### Your assignment
Begin at the top of the records below and print each line exactly until the line containing "여기는 드레스룸에 딸린" has been printed; any pictures are to be left out.

(Source information Opens)

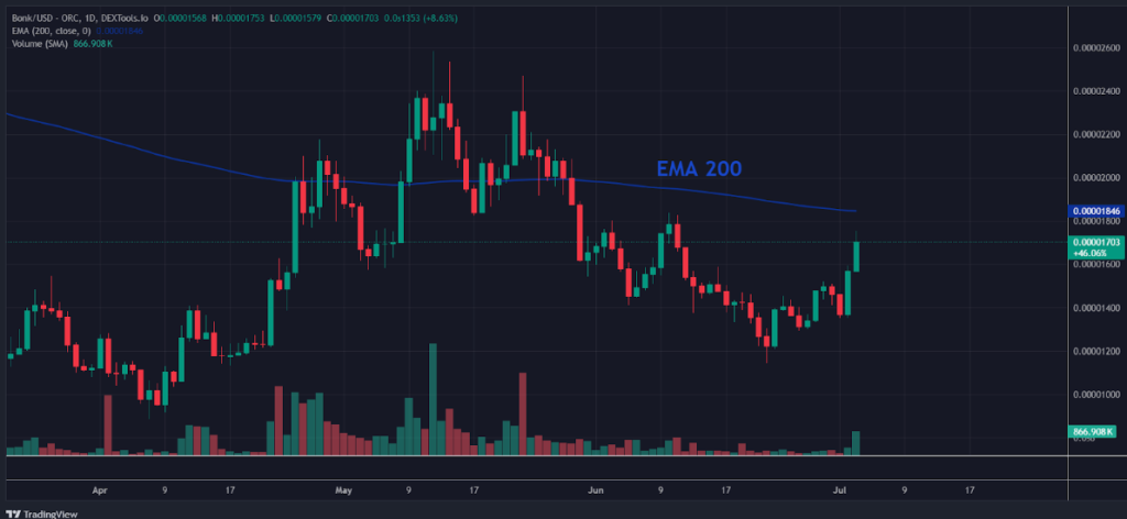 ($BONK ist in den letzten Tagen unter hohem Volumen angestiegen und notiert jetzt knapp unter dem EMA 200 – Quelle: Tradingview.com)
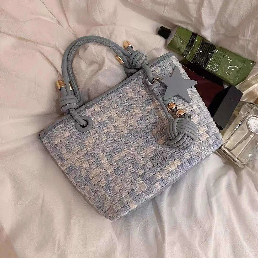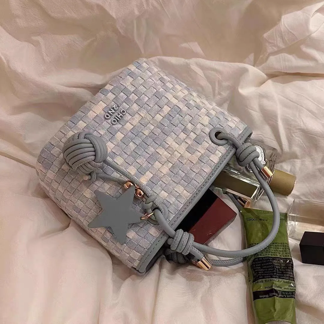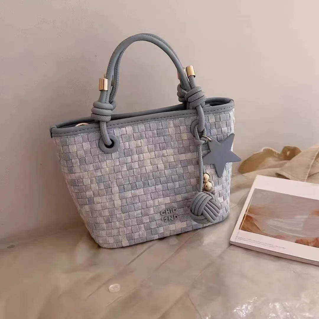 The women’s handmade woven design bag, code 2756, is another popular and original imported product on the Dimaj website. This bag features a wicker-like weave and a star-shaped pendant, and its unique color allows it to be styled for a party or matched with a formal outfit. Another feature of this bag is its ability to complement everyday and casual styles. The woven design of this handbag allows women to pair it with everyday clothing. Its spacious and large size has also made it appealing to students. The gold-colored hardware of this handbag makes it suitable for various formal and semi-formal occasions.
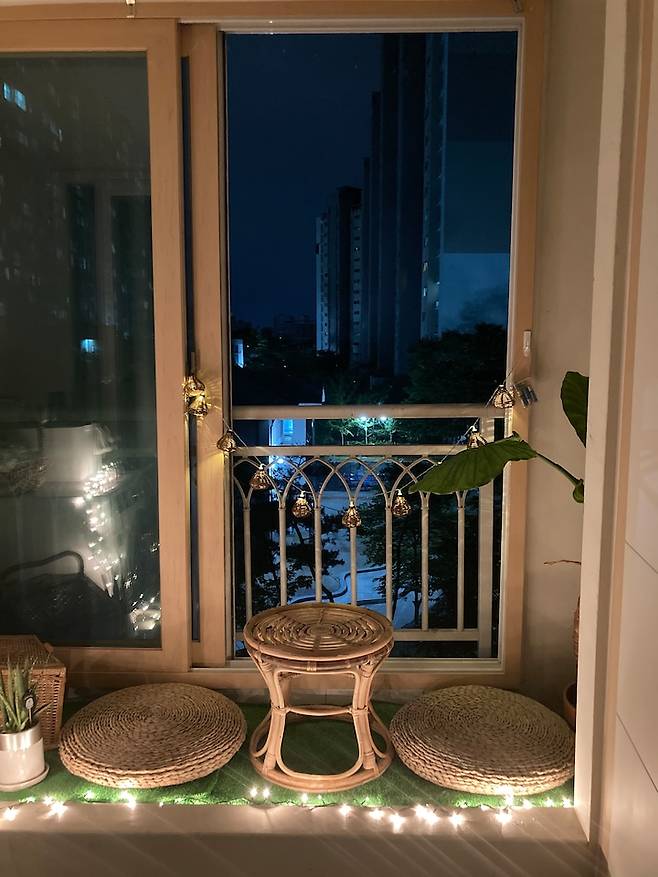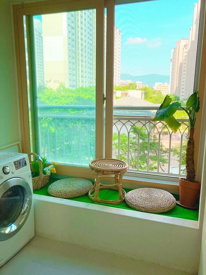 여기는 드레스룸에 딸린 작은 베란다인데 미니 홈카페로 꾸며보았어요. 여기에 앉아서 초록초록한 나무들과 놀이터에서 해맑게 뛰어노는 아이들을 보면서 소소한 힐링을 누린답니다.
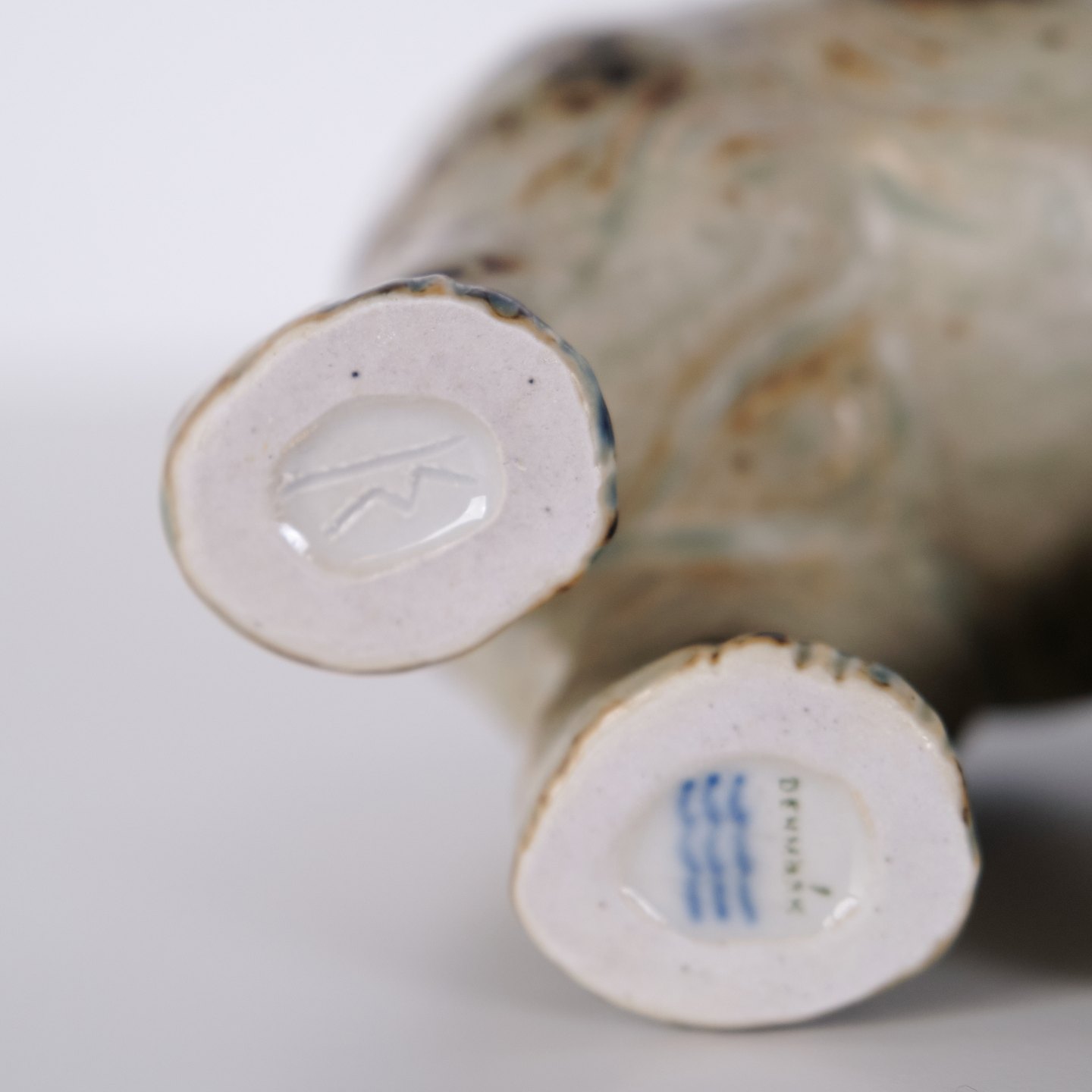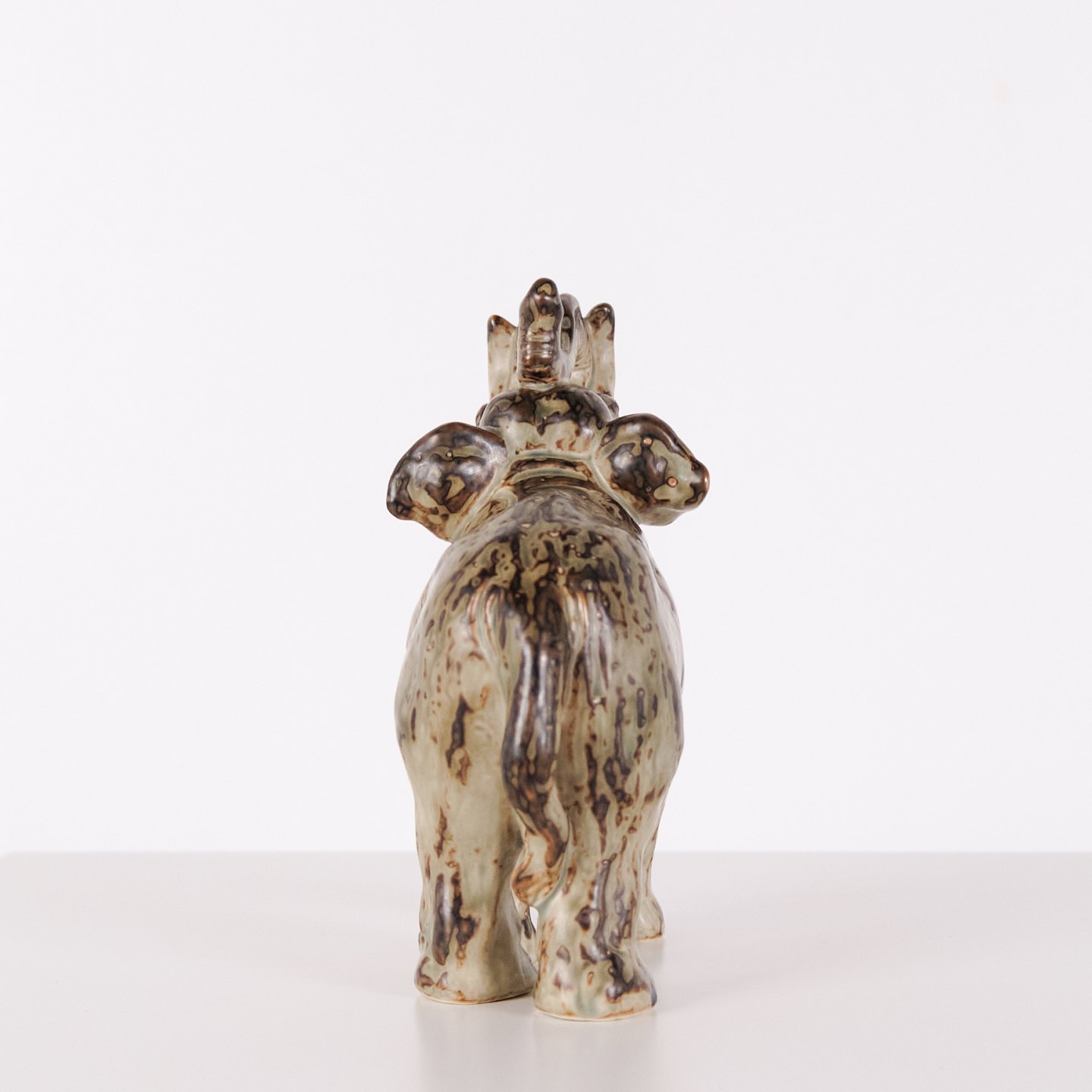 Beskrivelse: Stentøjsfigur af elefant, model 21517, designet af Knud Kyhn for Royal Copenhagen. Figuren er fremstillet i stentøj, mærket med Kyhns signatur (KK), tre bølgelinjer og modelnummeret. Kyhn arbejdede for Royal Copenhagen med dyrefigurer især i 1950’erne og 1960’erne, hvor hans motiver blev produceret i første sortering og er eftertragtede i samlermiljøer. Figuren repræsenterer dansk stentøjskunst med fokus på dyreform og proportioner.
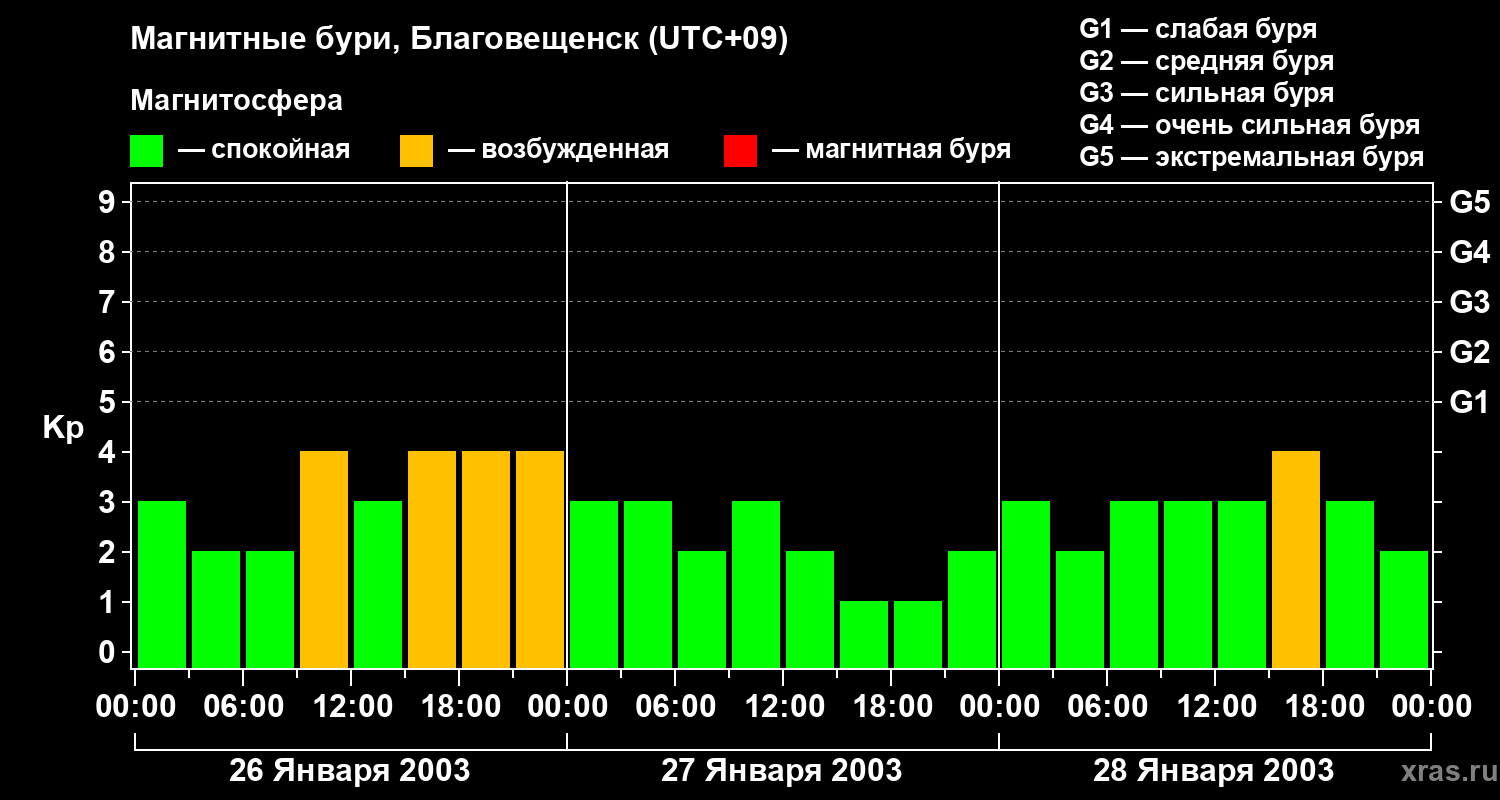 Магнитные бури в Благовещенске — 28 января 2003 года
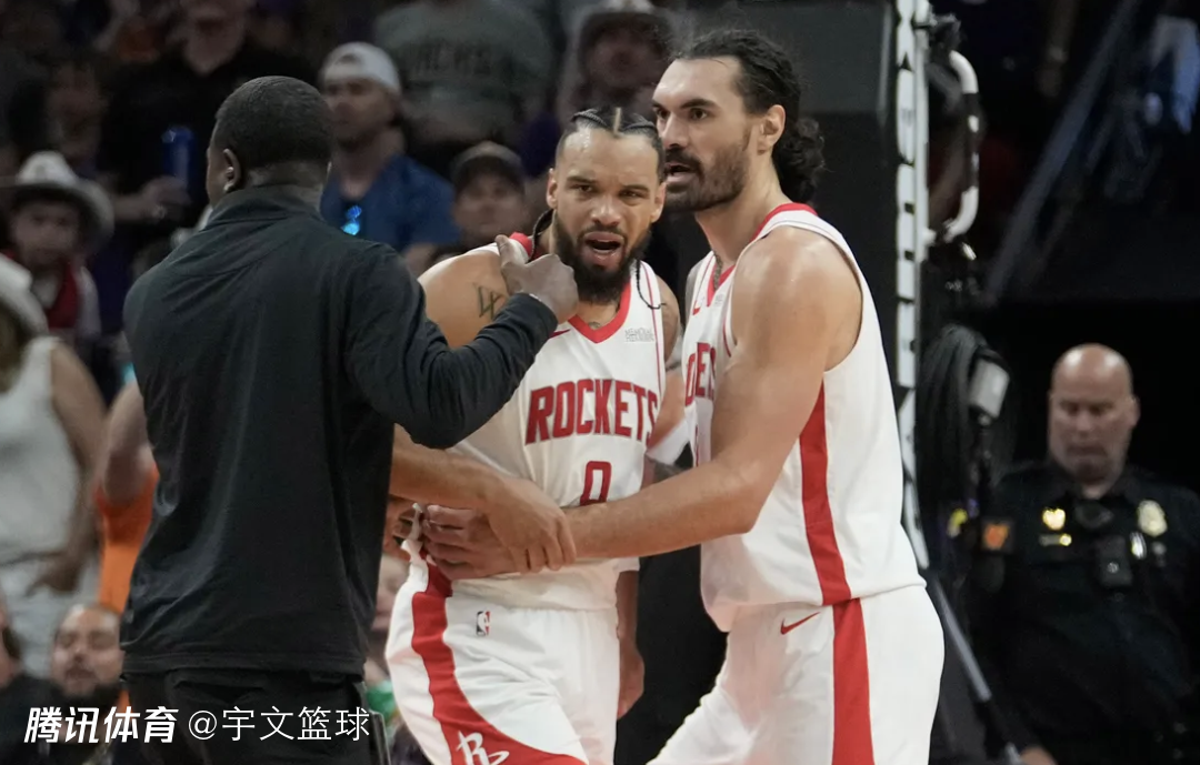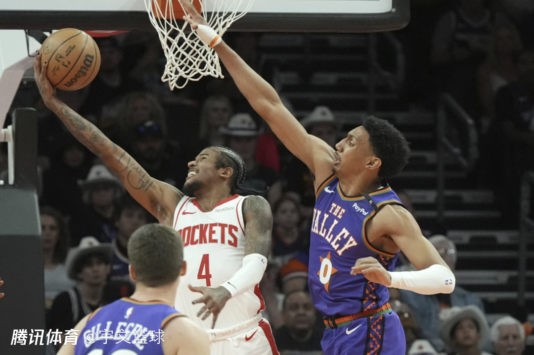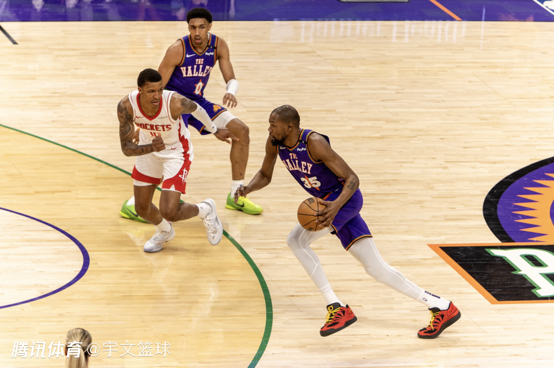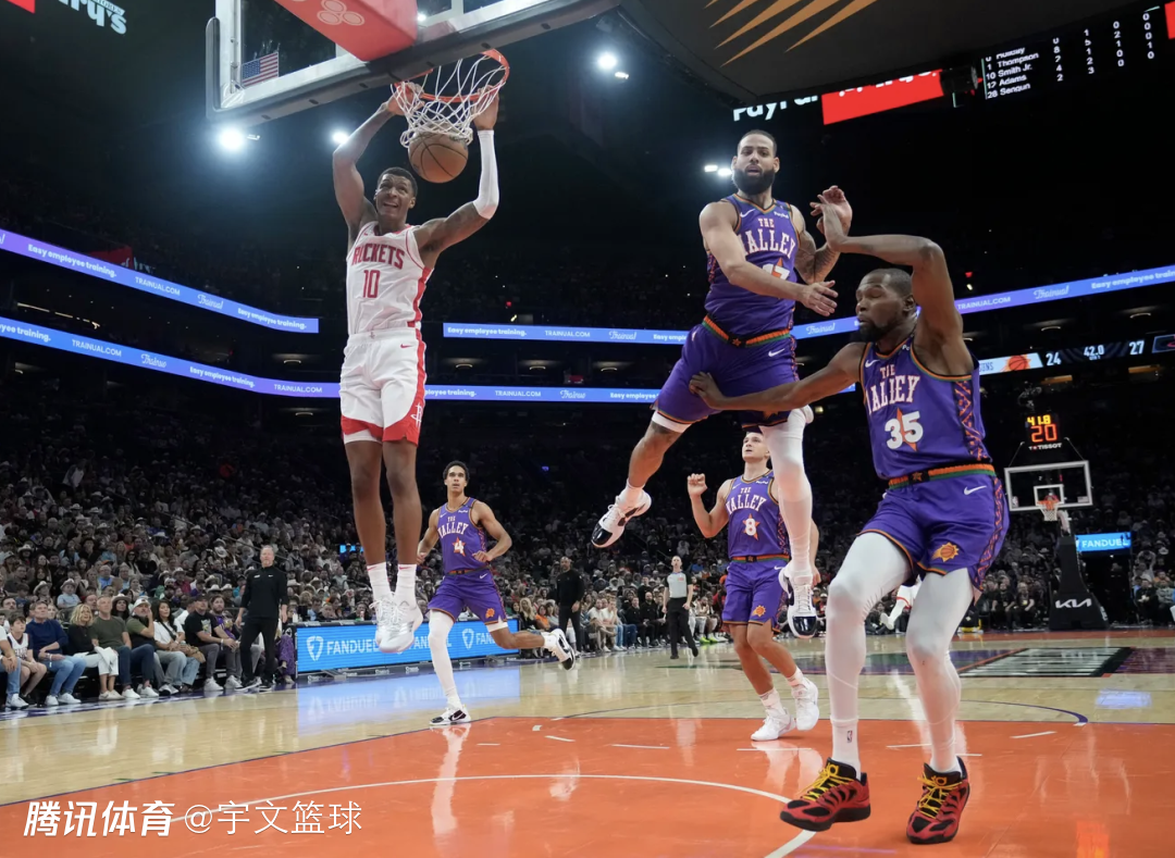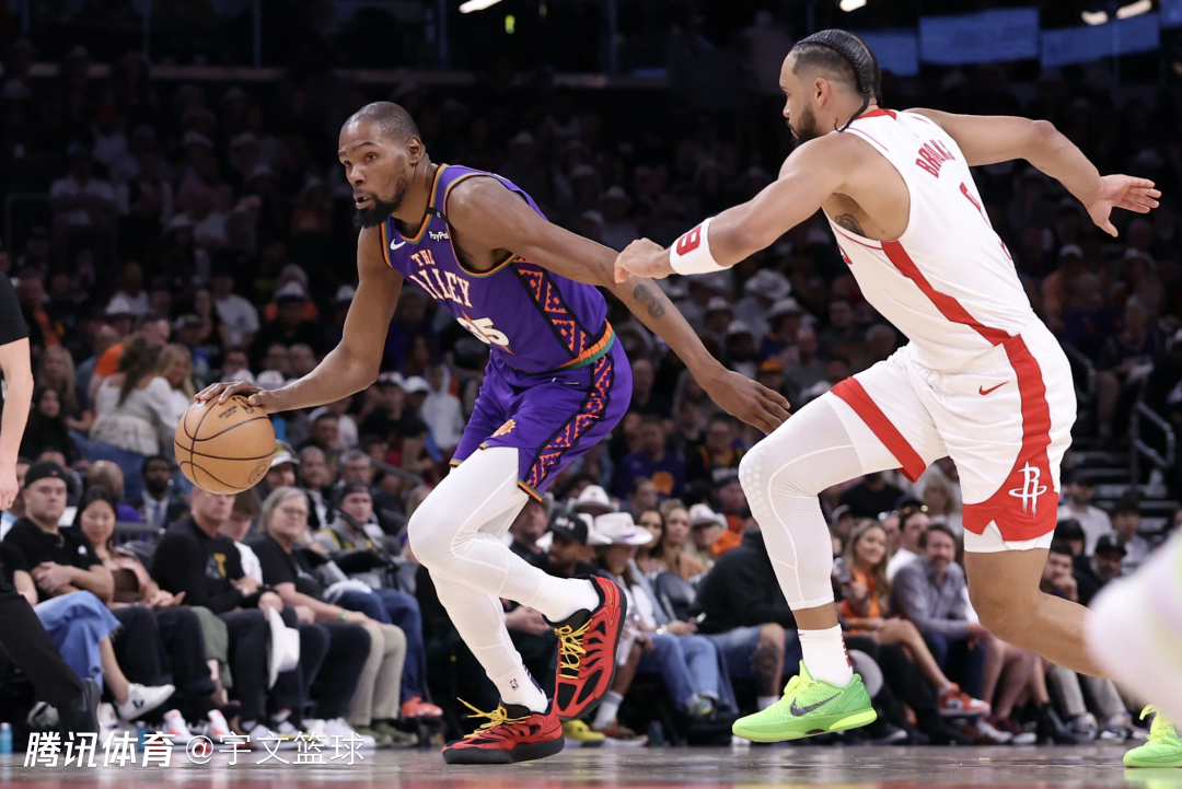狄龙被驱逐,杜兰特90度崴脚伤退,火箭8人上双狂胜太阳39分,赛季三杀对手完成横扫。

(Source information Closes)

### The answer
 ($BONK ist in den letzten Tagen unter hohem Volumen angestiegen und notiert jetzt knapp unter dem EMA 200 – Quelle: Tradingview.com)
 The women’s handmade woven design bag, code 2756, is another popular and original imported product on the Dimaj website. This bag features a wicker-like weave and a star-shaped pendant, and its unique color allows it to be styled for a party or matched with a formal outfit. Another feature of this bag is its ability to complement everyday and casual styles. The woven design of this handbag allows women to pair it with everyday clothing. Its spacious and large size has also made it appealing to students. The gold-colored hardware of this handbag makes it suitable for various formal and semi-formal occasions.
 여기는 드레스룸에 딸린 작은 베란다인데 미니 홈카페로 꾸며보았어요. 여기에 앉아서 초록초록한 나무들과 놀이터에서 해맑게 뛰어노는 아이들을 보면서 소소한 힐링을 누린답니다.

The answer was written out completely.